Every line from the start of the entries up to and including the one bearing "It picks up" must be printed verbatim, without the pictures.

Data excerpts
▬▬▬▬▬▬▬▬▬▬

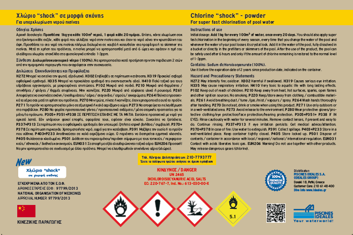 Σε μορφή σκόνης. Για υπερχλωρίωση νερού πισίνας.
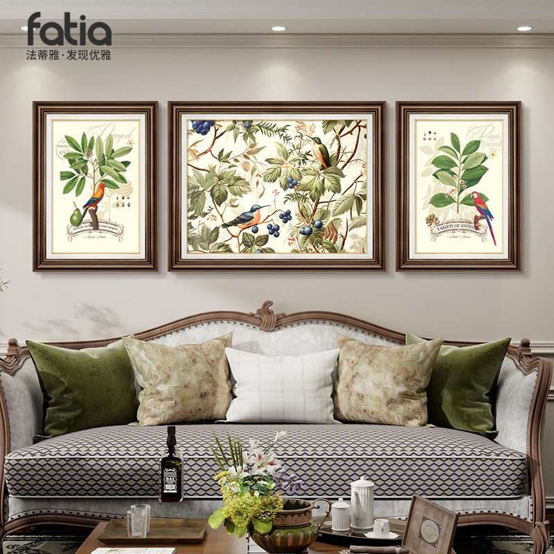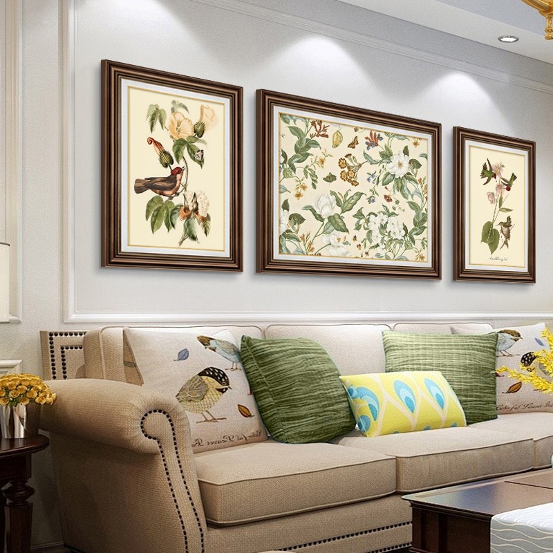 客厅装饰画美式沙发背景墙挂画2024新款高级感法式油画欧式三联画
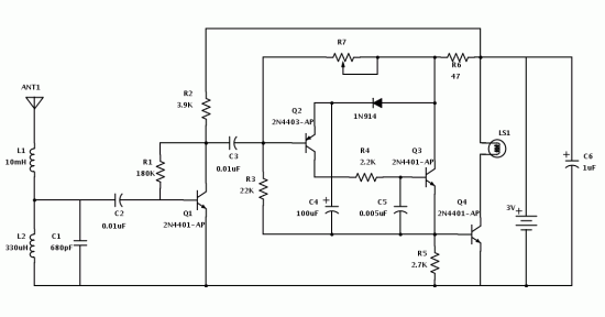 It picks up and amplifies signals in the 300 kHz range, where lightning makes a lot of noise that can be picked up with a radio. The antenna and receiver are tuned to 300 kHz, with the receiver’s output connected to an amplifier that drives the lamp flashing circuitry, alerting you to lightning in the area.Use the potentiometer to reduce the sensitivity to noise and still be able to detect lightning strikes. In addition to lightning, this will also respond to noise from motors inside appliances like refrigerators, washers, and air-conditioners. Another easy way to affect the sensitivity is to take off the antenna, or lengthen it depending on the conditions. To get some confirmation while tuning the detector, you can tune an AM radio to the bottom the of the dial as well.
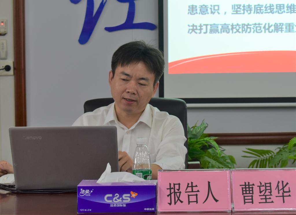 在报告会中,曹望华以“深入学习《习近平谈治国理政》第三卷——一以贯之增强忧患意识,防范风险挑战”为题,为我们系统介绍了《习近平谈治国理政》第三卷的重大意义及内容体系,专题解读了第三卷中的第八专题集中收入了习近平总书记关于“增强忧患意识,防范化解风险挑战”的重要论述。结合高校办学实际,曹望华指出高校要重点加强科学研判,持续精准发力,着力防范化解五大风险;要强化党的领导,履行政治责任,办好人民满意的大学。宣讲报告政治站位高,内涵丰富,翔实生动,对于如何学好用好《习近平谈治国理政》第三卷具有很强的指导意义。
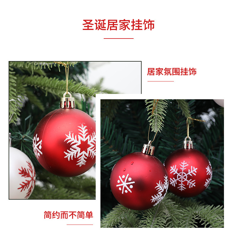 跨境圣诞装饰品圣诞树装饰6cm雪花彩绘圣诞球12PCS塑料桶装球挂件
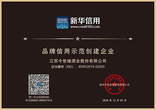 江苏yl9193永利酒业股份有限公司(“yl9193永利”)入选“品牌信用示范创建企业”。
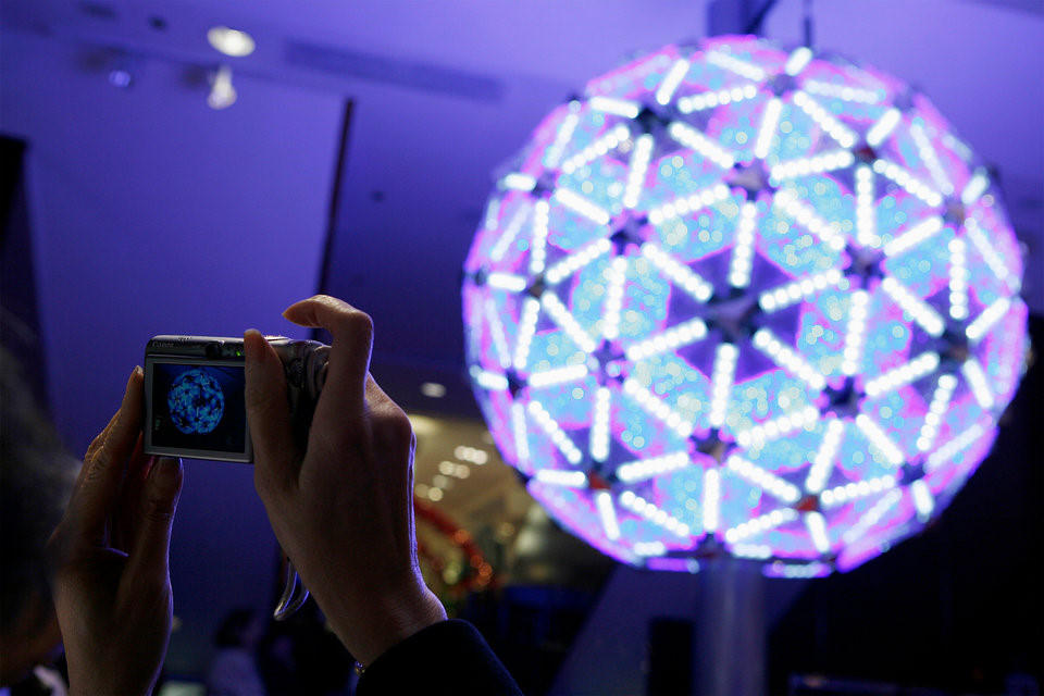2007: Đánh dấu 100 năm ra đời, Waterford Crystal và Philips Lighting đã thiết kế lại quả cầu rơi ở Quảng trường Thời đại với diện mạo hoàn toàn khác. Đèn LED được sử dụng, có thể thay đổi màu sắc và làm lóa mắt người xem từ xa, không giống bất kỳ bóng đèn nào của các phiên bản trước đó. Ảnh: Reuters.
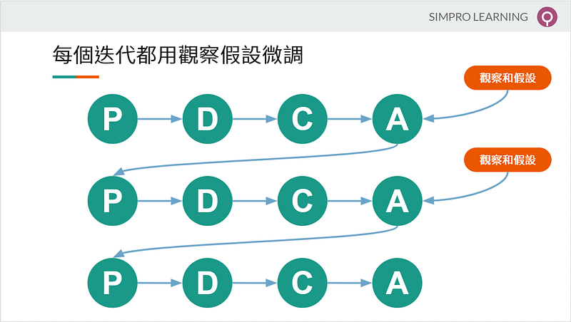 - 從這個例子你可以看到在哪裡用到 “觀察與假設”,就是在每次的 P 計畫之前用 C 反思得到哪裡做錯,用 A 得到下次修改的結論,再用新結論進行下次迭代。
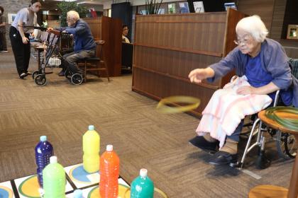 そのようなイメージを疑似体験しようというイベントを行いました。縁日で楽しむ射的や輪投げ、金魚すくいを模擬店風で設置。皆様には、真剣に楽しんでいただきました。

▬▬▬▬▬▬▬▬▬▬

### Reply
 Σε μορφή σκόνης. Για υπερχλωρίωση νερού πισίνας.
 客厅装饰画美式沙发背景墙挂画2024新款高级感法式油画欧式三联画
 It picks up and amplifies signals in the 300 kHz range, where lightning makes a lot of noise that can be picked up with a radio. The antenna and receiver are tuned to 300 kHz, with the receiver’s output connected to an amplifier that drives the lamp flashing circuitry, alerting you to lightning in the area.Use the potentiometer to reduce the sensitivity to noise and still be able to detect lightning strikes. In addition to lightning, this will also respond to noise from motors inside appliances like refrigerators, washers, and air-conditioners. Another easy way to affect the sensitivity is to take off the antenna, or lengthen it depending on the conditions. To get some confirmation while tuning the detector, you can tune an AM radio to the bottom the of the dial as well.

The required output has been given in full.